Saturday, October 30, 2010

Pop Christian Songs Aren't Always Theologically Precise, Or Even Close When It Comes To The Gospel

I was listening to a Christian radio station earlier today and heard something that got me thinking.

The song, to paraphrase, said that mercy doesn't care what you've done. Obviously, this was intended to say the normal synergistic, "Come as you are to Jesus."

While it is true that we are sinners, and we do not wait until we are perfectly holy to repent and believe, the phrase "mercy doesn't care what you've done," I believe, is not just imprecise, but thoroughly unbiblical.

Why?

First, Jesus, the Son of God, died to pay the penalty for what we've done. So, I'd say he would beg to differ. It does matter what we've done.

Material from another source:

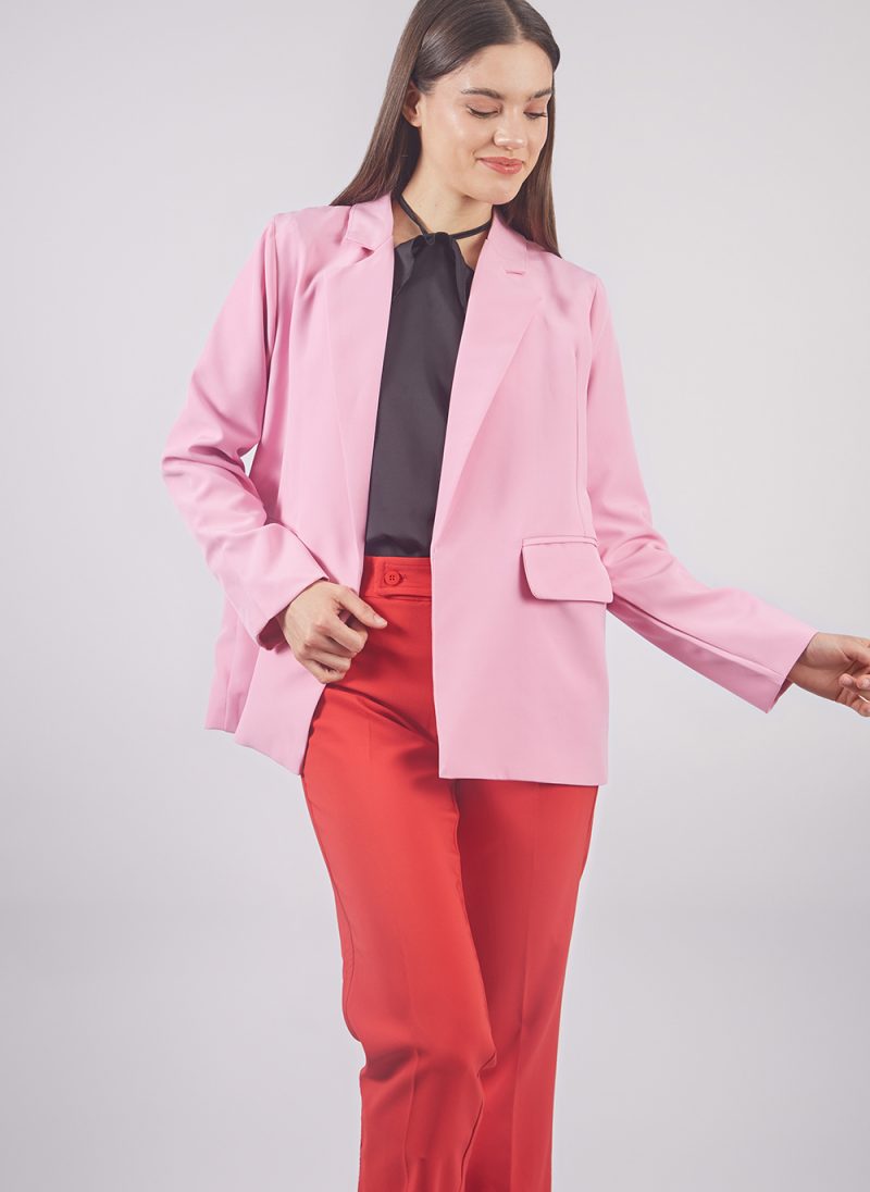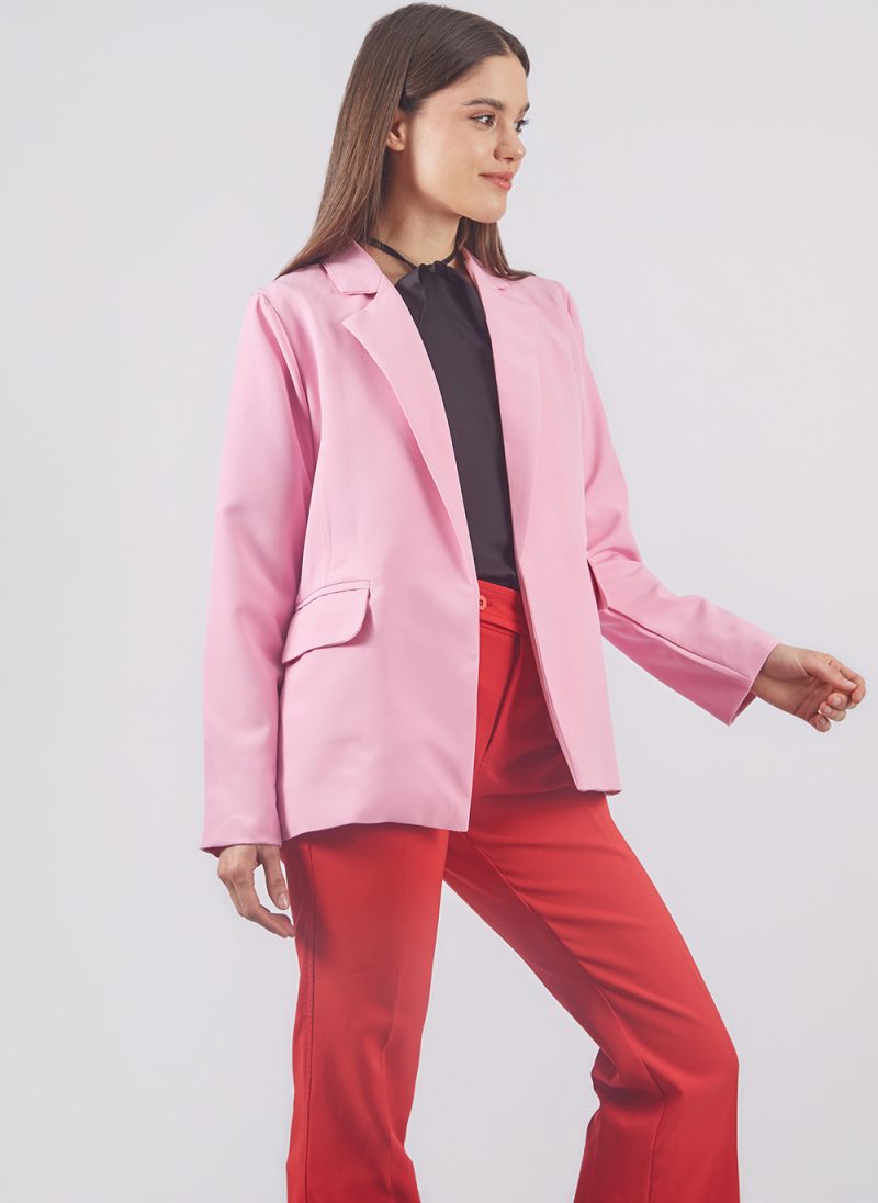 Blazer Basic – Pink Color de Dolcatta, una pieza statement que combina elegancia atemporal con audacia contemporánea. Confeccionado en un tejido de acabado mate y suave estructura, este blazer se convierte en el centro de todo tipo de look gracias a su color vibrante y su silueta sofisticada.

Second, we wouldn't need the "mercy" had we not done what we've done. The "mercy" exists, because God loved His people so much that He provided the mercy and payment for the sins they've committed. He gave them that which they did not deserve.

Third, I think the above phrase demonstrates that the writer doesn't understand the wickedness of sin. Ps. 5:5 and Ps. 11:5- Need I say more?

Fourth, God most definitely "cares," because we must REPENT in order to come. What are we repenting of, but that which we've done? What is it that we confess, but that which God has already said about our sin? We confess that we are sinners and rightly condemned for so being.

Finally, what will men be judged for, in the end, but the works done in the flesh?

Please, make no mistake, God does care what we have done and what we do. As Ps. 51 notes, it does matter what is on the inside, but what we do on the outside, comes from within.

You cannot truly come to God without REPENTING for your sins.

Repent, believe and flee the wrath to come.